IF GOD EXISTS, WHAT WAS HE DOING BEFORE HE CREATED THE UNIVERSE?
St. Augustine is the first person who answered this question. The question assumes that time existed before the universe was created. Physics has proven that time is a property of our universe and that the universe and time came into existence together. People say that God is “eternal,” which they think means “goes one forever,” but “eternal” really means “outside of time.” (85, D’Souza). So we cannot really limit God to the constraints of time or even the physical universe. So, God wasn’t doing anything (like twiddling his thumbs), he was being God.
IF GOD EXISTS, WHAT CREATED GOD?
If you think of God as the source of everything else, you may have asked or heard this question. Here is the problem with the question “What created God”? If everything that exists has a cause, then there must have been a first or uncaused cause. Atheists like Dawkins argue that we cannot account for unexplained things – all that exists – by attributing them to another unexplained thing -God (The God Delusion,143). But he is missing something in his logic. The question is what caused everything that exists in the universe, but it is not what caused everything that exists period. God is outside the universe so he does not fit into the question. I look at it, simplistically, like the electric light bulb. We use and enjoy and depend on the light it produces without ever questioning its creator, Thomas Edison. It would be laughable to say something like “Thomas Edison created the light bulb, but someone had to create Thomas Edison.” Or, “Who had Thomas Edison’s idea before he had the idea”? Someone did create Edison—his parents—but in the context of the light bulb, the charge would be ludicrous. And, no one had the idea before Thomas Edison had it. Dinesh D’Souza said think of it like a novel. I changed his illustration in Crime and Punishment to the following: In The Hunger Games, Katniss Everdeen’s actions caused the death of President Alma Coin of District 13. But the author, Susan Collins, is the cause of the story on another level entirely. Someone may ask while reading the story, “Where did that character come from?” but they would never ask “Where did this Susan Collins come from?” The author, like God, is outside the narrative, as its creator. (86, D’Sousa)

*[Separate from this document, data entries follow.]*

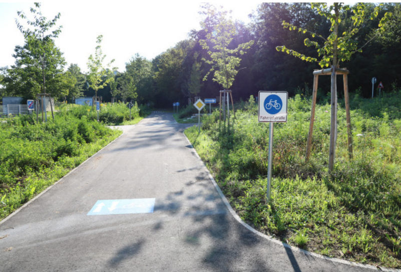
Die aktuelle Erweiterung des Jugendverkehrsübungsplatzes, mit unter anderem einer Fahrradstraße und einem Bahnübergang, ermöglicht nun auch das Üben mit größerer Geschwindigkeit.
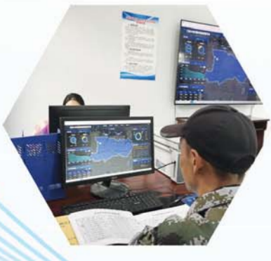
农村厕所长效智能管护平台正在运营。
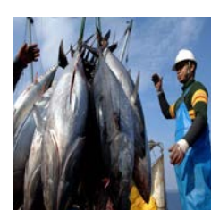
Trabajando en la pesca
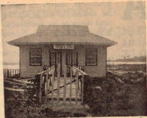
Vieja casa de Quepos que estuvo sirviendo de Iglesia a los "Testigos de Jehová". Hoy está desocupada debido a su estado ruinoso.
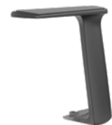
Fixe T-Armlehne, schwarz
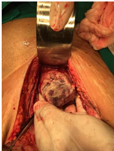
Imagen 3. A. Masa quística de ovario derecho necrosada.
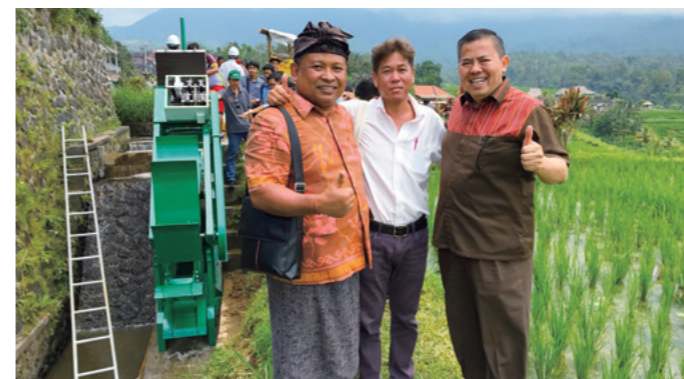
De nombreux employés ont été dépêchés en Indonésie, pour apporter une assistance technologique, assurant les fonctions combinées du gouvernement local et de l'entreprise.
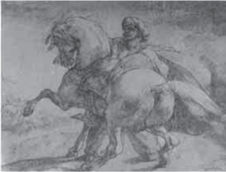
3- جيريكوو، فارس تركي.
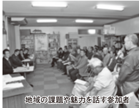
地域の課題や魅力を話す参加者

の「提婆踊り」が披露されます。また当地区は彼岸花の名所でも知られ、公民館主催の彼岸花写真コンテストは今年で14年目。毎年、彼岸花の季節には多くの人が訪れ、のどかな山村を彩る赤の帯を楽しんでいます。
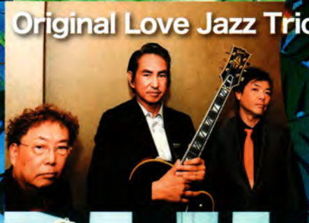
Original Love Jazz Trio
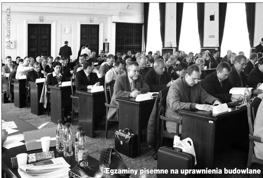
Egzaminy pisemne na uprawnienia budowlane
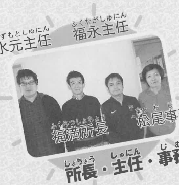
所長・主任・事務員
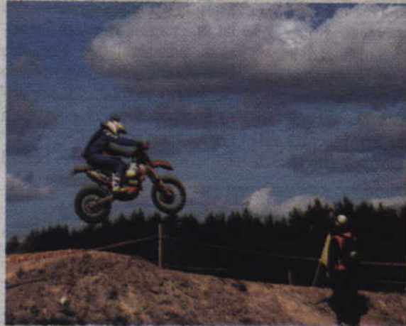
Amatorzy wysokich lotów mieli na co popatrzeć.
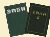
総合カタログ 金物百科
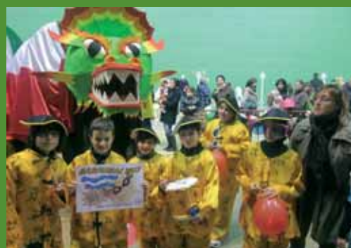
Segundo premio (150 euros): "Año nuevo chino".
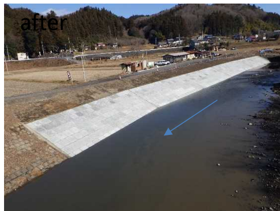
一級河川 武茂川 那珂川町 健武 新太郎橋上1

WHAT CAN BE GREATER THAN GOD?
The argument goes this way: we can all conceive of a being above whom no higher being could be thought—i.e., God. If that which exists is greater in reality than it is in imagination, then logically God must exist. Think of it in terms of a musical composition. The musical composition existed in the mind of the composer before it was written down and played in reality. So, which is greater – that which can be imagined, or that which is real? That which is real, of course.
I see it like this: has anyone ever observed an animal imagining a being above whom no higher being existed? No animal has ever been observed building an altar, offering sacrifices, praying, mourning over guilt, or shaking a hoof (or primal fist) at heaven. But people do all these things. Is it because there actually is a God that we have the ability to conceive of God, and that that ability and intuition makes us unique in the animal kingdom? Just because animals cannot imagine “God” wouldn’t mean that he didn’t exist, but because we can imagine God means that he must exist.
So, the question about God’s origin is in itself either a contradiction in terms, or a disingenuous attitude of the mind and heart . . . or else plain dumb.
I relied heavily on a chapter in Dinesh D’Sousa’s book WHAT’S SO GREAT ABOUT CHRISTIANITY? in summarizing and illustrating this material.